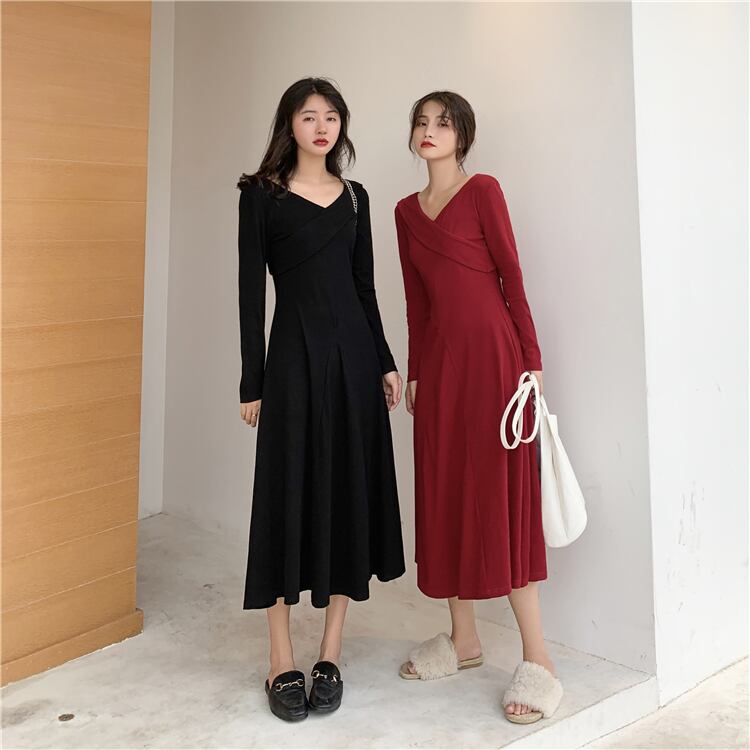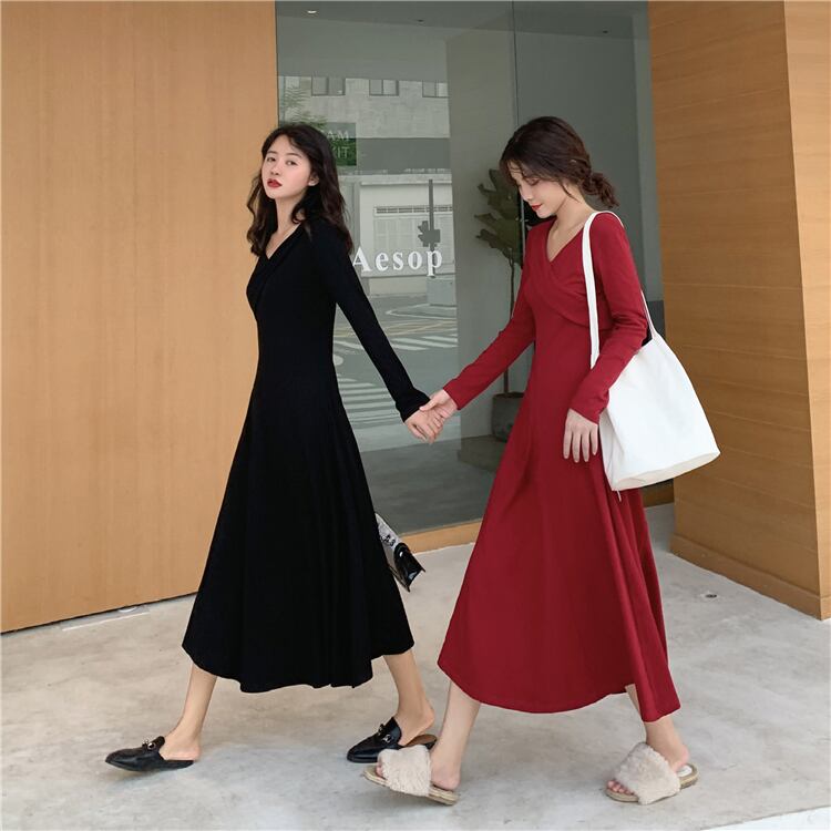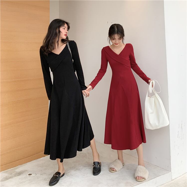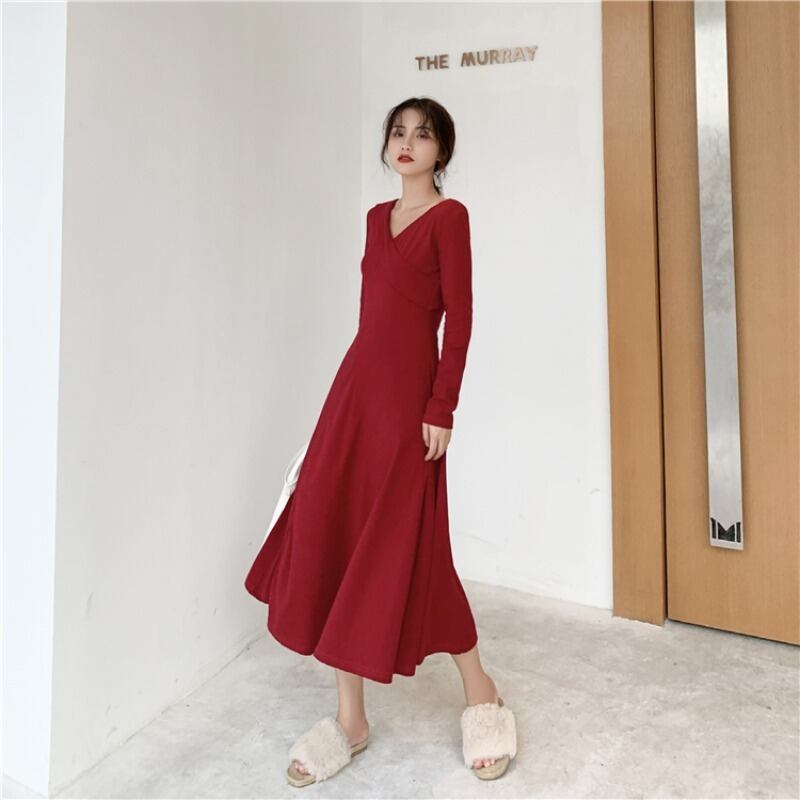 スプリングレッドVネックスリムロングAラインドレス スカート 春物 YY-ファッション23459463939
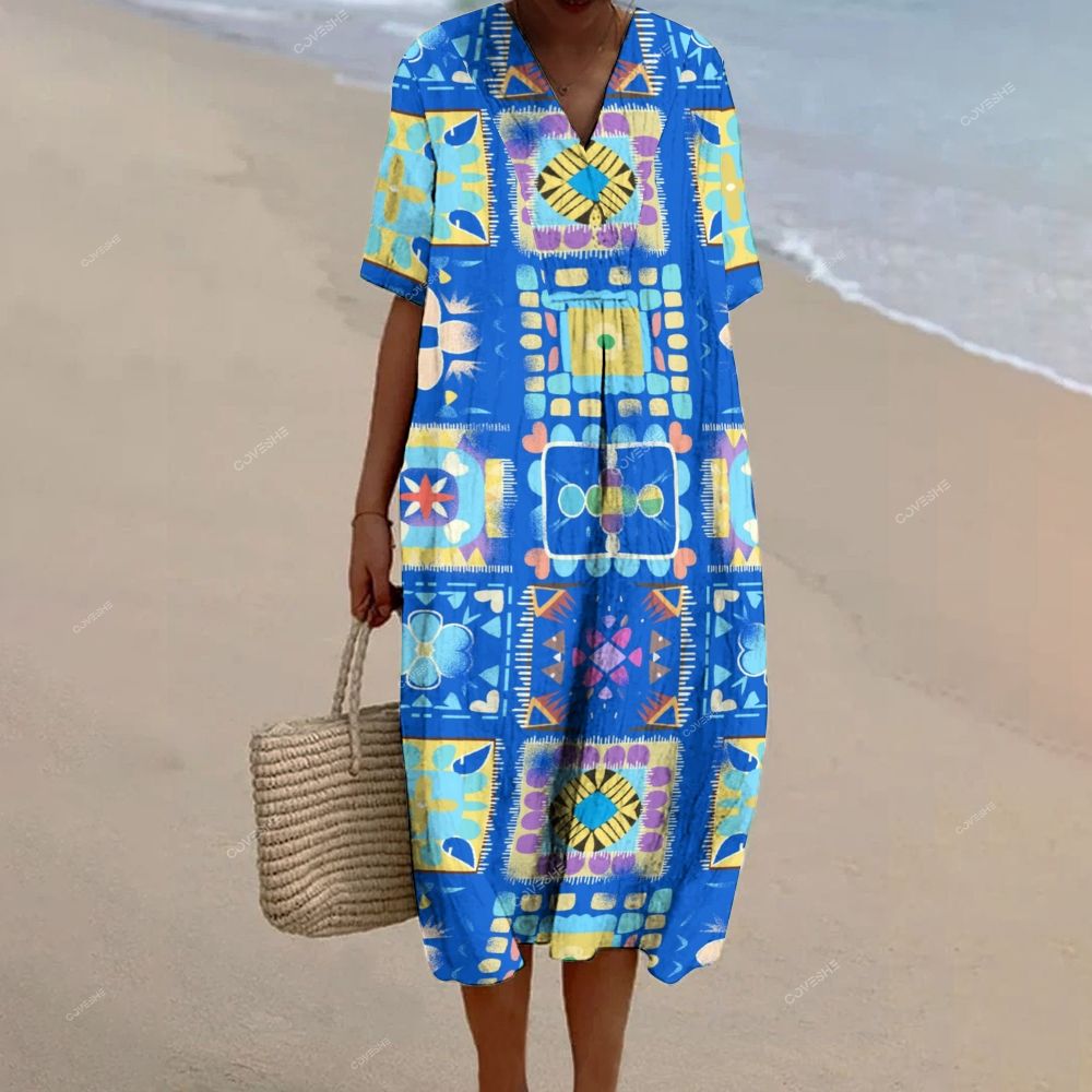 Women's Vintage Geometry Printed Flowy Dress
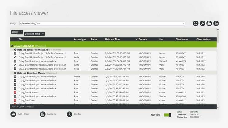 באמצעות ביקורת Microsoft NTFS המשולבת בכל מערכות Windows, File Audit service סורק ללא הרף את יומני האבטחה של כל המכונות המבוקרות בזמן אמת כדי ללכוד את כל אירועי הגישה הרלוונטיים – וניסיונות גישה על פני מערכת אחת או מספר מערכות Windows
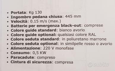 Vendo montascale con poltroncina, marca VIMEC, modello Dolce Vita, acquistato ad aprile 2019 ed utilizzato per pochissimi giorni per motivi di salute. Da considerarsi pari al nuovo.
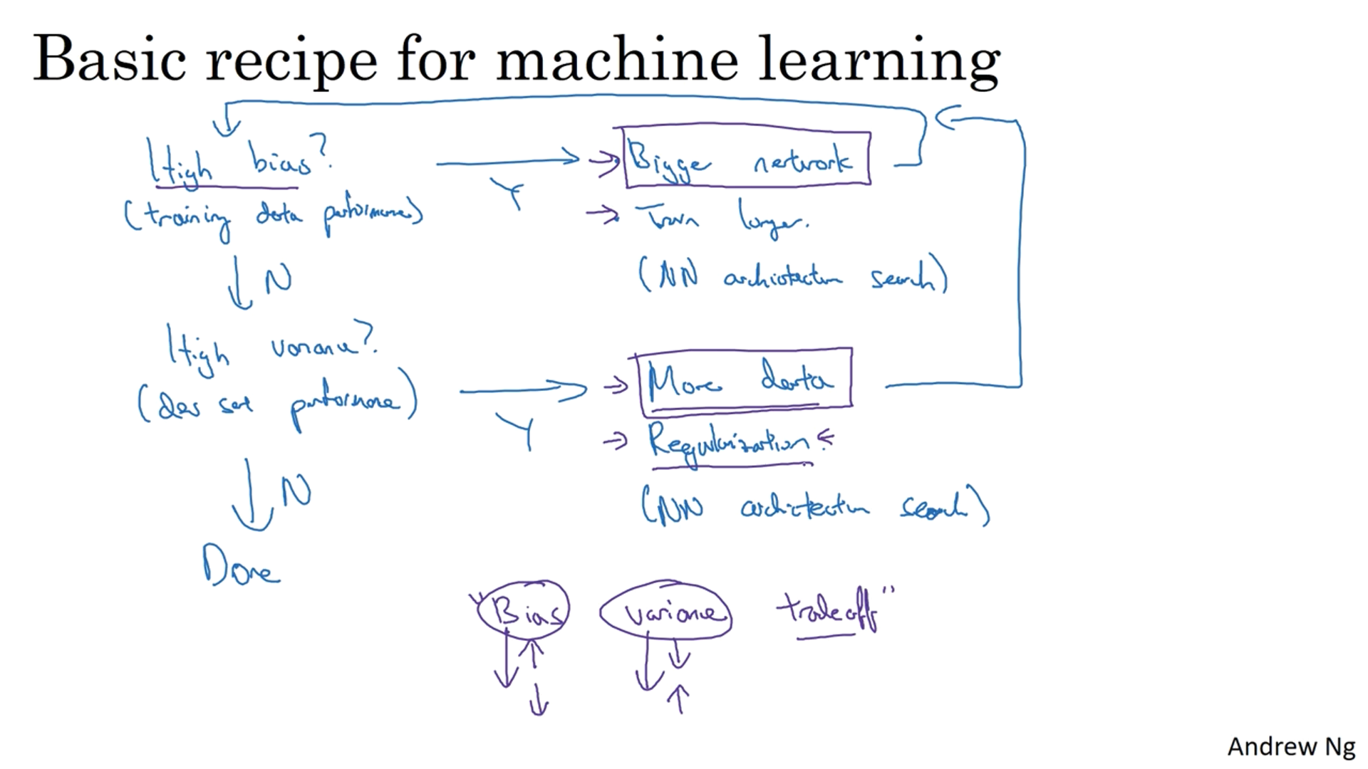 Once high bias is reduced, check for variance, and if high variance (dev set performance):
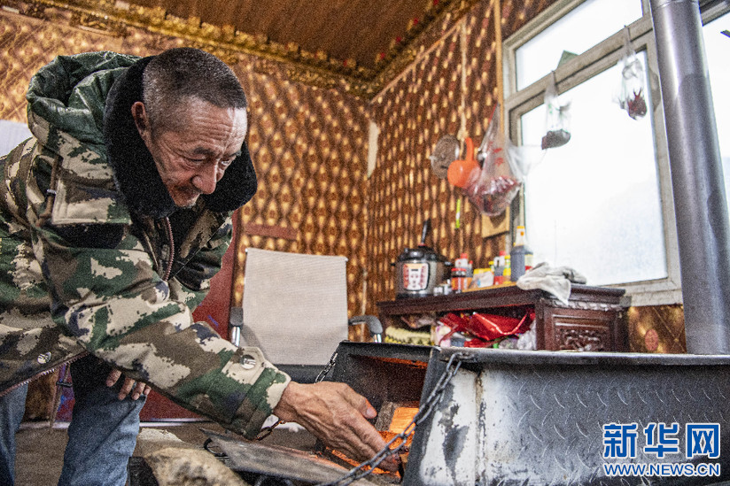 在易貢鄉(xiāng)通加村擔任村黨支部書記的索朗次仁給爐子生火(4月1日攝)。新華社記者 孫非 攝
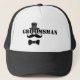 Chapéu do camionista do padrinho de casamento com motivo do chapéu alto e do moustache e rotulação do estêncil. O excelente para noites e recepções de casamento quando as formalidades são excedentes e ele do veado é hora de party. (veja t-shirt, botões e chapéus de harmonização para o noivo e o melhor homem) clique personalizam se você gostaria de adicionar ou remover os objetos e o texto do design.
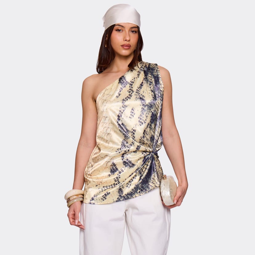 Stylish one-shoulder knotted top in yellow printed satin. Features a unique knot detail and a flattering silhouette. Ideal for evening events or special occasions.
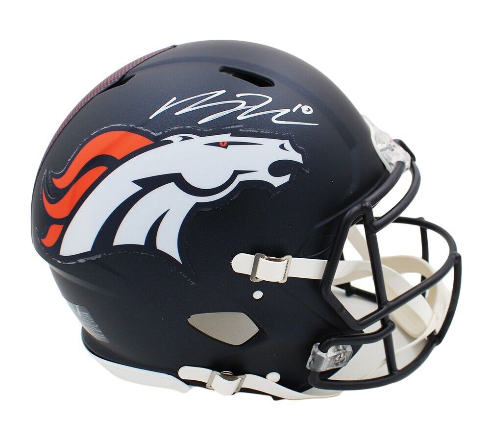 A Denver Broncos Speed Authentic 2024 NFL Helmet hand signed by Bo Nix. The item and signature are in excellent condition. Bo Nix is an American quarterback in the NFL. After a standout senior season for the Oregon Ducks, Bo was selected 12th overall in the 2024 NFL Draft. AUTHENTICATION: The item is accompanied by a Beckett Serial Numbered and Databased Hologram.
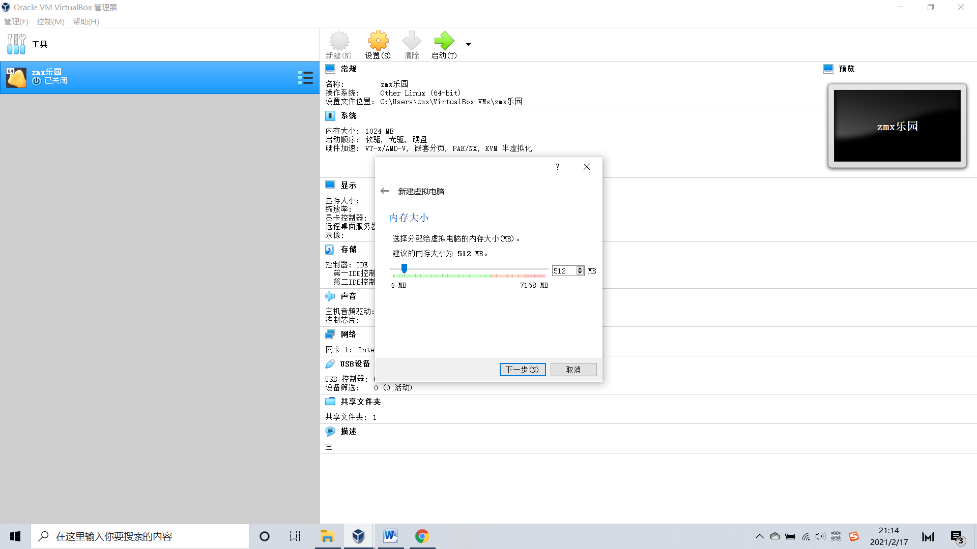 點擊下一步,為虛擬機分內存,推薦1G~2G,我這里只是做示范,所以直接默認了。
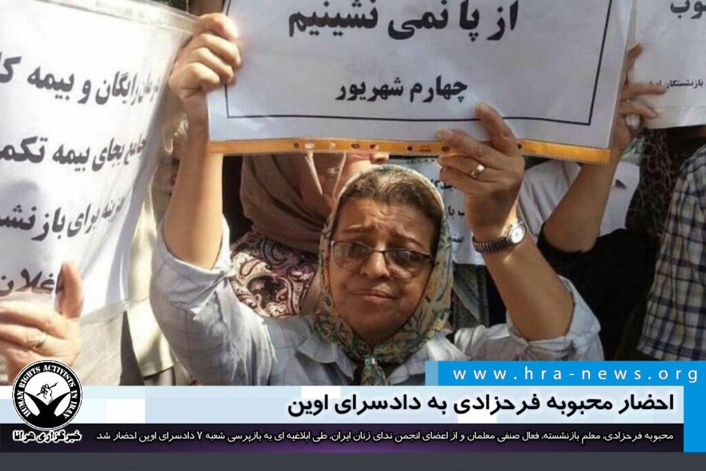 احضار محبوبه فرحزادی به دادسرای اوین – خبرگزاری هرانا 4 years ago You must be logged into the site to view this content.
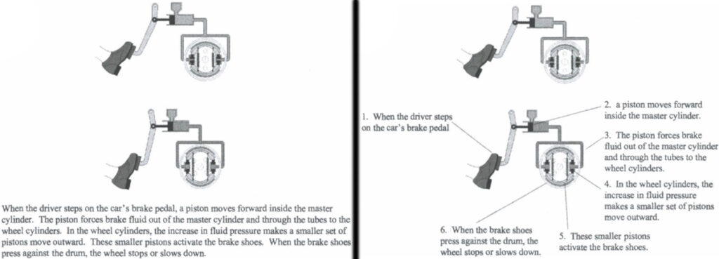 Diese Darstellung ist aus einem Experiment zum Prinzip der räumlichen Kontiguität entnommen. Eine Gruppe lernte mit der integrierten Darstellung rechts und die Kontrollgruppe mit der Darstellung links, wie sie häufig in Schulbüchern zu finden ist. Die Variante rechts hat zu signifikant besseren Lernresultaten in einem anschliessenden Transfer Test geführt (vgl. Fiorella & Mayer 2022).
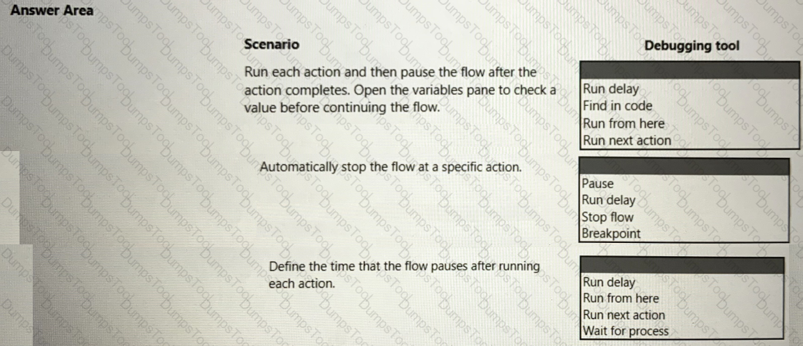 Which debugging tools should you use? To answer, select the appropriate options in the answer area.
◆ ◆ ◆
Task to complete
Write out the lines above from the one with "Chapéu do camionista" through the one with "Stylish one-shoulder knotted", ends included, exactly; no picture goes in.

Output for this task
 Chapéu do camionista do padrinho de casamento com motivo do chapéu alto e do moustache e rotulação do estêncil. O excelente para noites e recepções de casamento quando as formalidades são excedentes e ele do veado é hora de party. (veja t-shirt, botões e chapéus de harmonização para o noivo e o melhor homem) clique personalizam se você gostaria de adicionar ou remover os objetos e o texto do design.
 Stylish one-shoulder knotted top in yellow printed satin. Features a unique knot detail and a flattering silhouette. Ideal for evening events or special occasions.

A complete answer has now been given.